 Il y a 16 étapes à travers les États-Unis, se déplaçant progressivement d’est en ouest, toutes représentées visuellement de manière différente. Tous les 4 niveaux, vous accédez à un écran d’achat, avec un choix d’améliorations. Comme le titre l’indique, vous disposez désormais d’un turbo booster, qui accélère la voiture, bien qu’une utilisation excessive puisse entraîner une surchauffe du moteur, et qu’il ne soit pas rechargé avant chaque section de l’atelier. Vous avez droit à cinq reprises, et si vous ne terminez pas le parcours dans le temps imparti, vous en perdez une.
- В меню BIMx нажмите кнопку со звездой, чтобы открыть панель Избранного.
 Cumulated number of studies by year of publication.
• • •
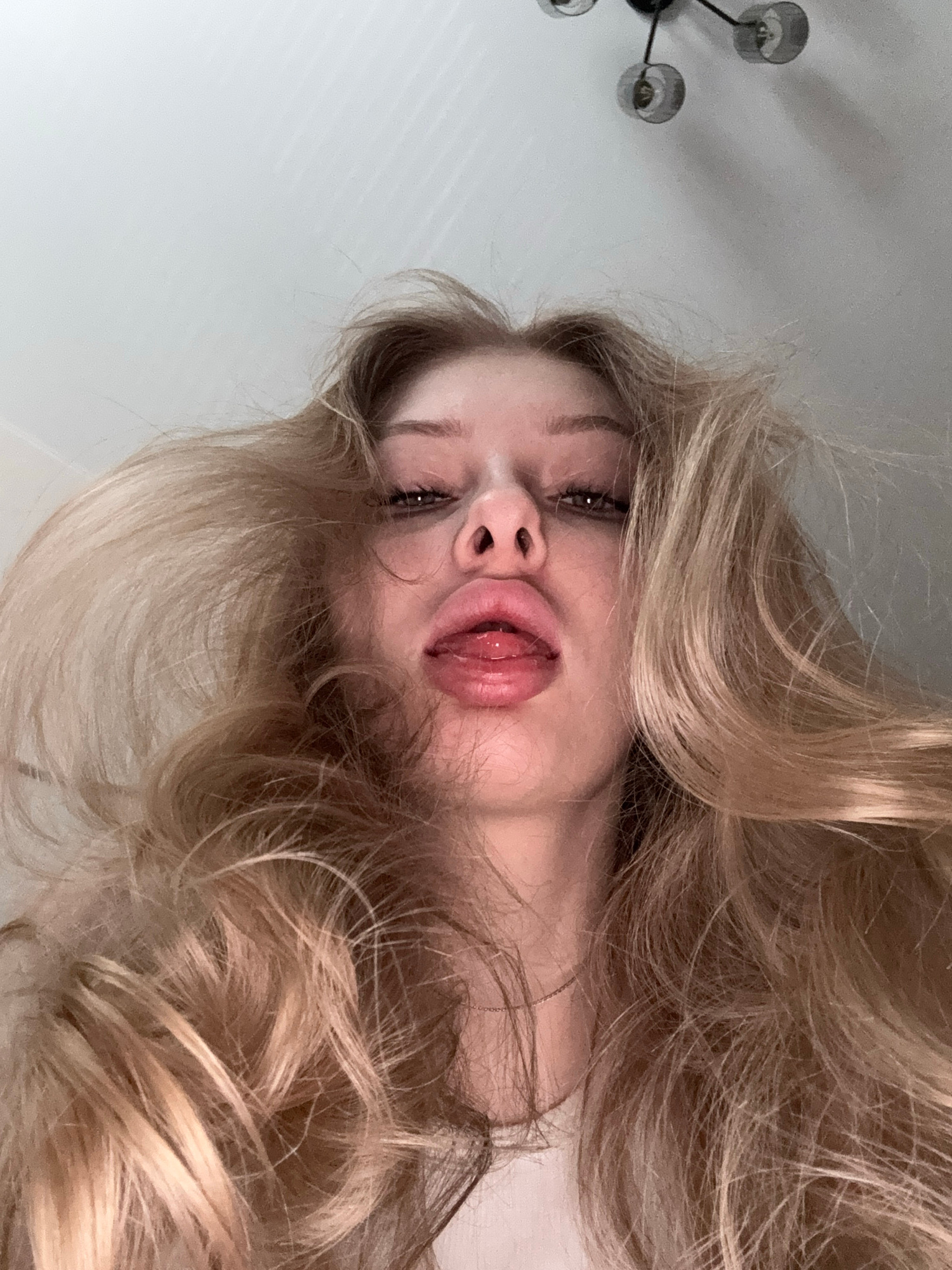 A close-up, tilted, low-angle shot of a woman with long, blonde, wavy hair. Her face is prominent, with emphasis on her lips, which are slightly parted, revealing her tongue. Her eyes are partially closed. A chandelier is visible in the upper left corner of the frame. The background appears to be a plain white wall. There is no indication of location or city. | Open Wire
• • •
From the listing above, repeat exactly the lines starting at the line that includes "- В меню BIMx" and ending at the line that includes "Cumulated number of", with nothing outside that span.

(Written reply):
- В меню BIMx нажмите кнопку со звездой, чтобы открыть панель Избранного.
 Cumulated number of studies by year of publication.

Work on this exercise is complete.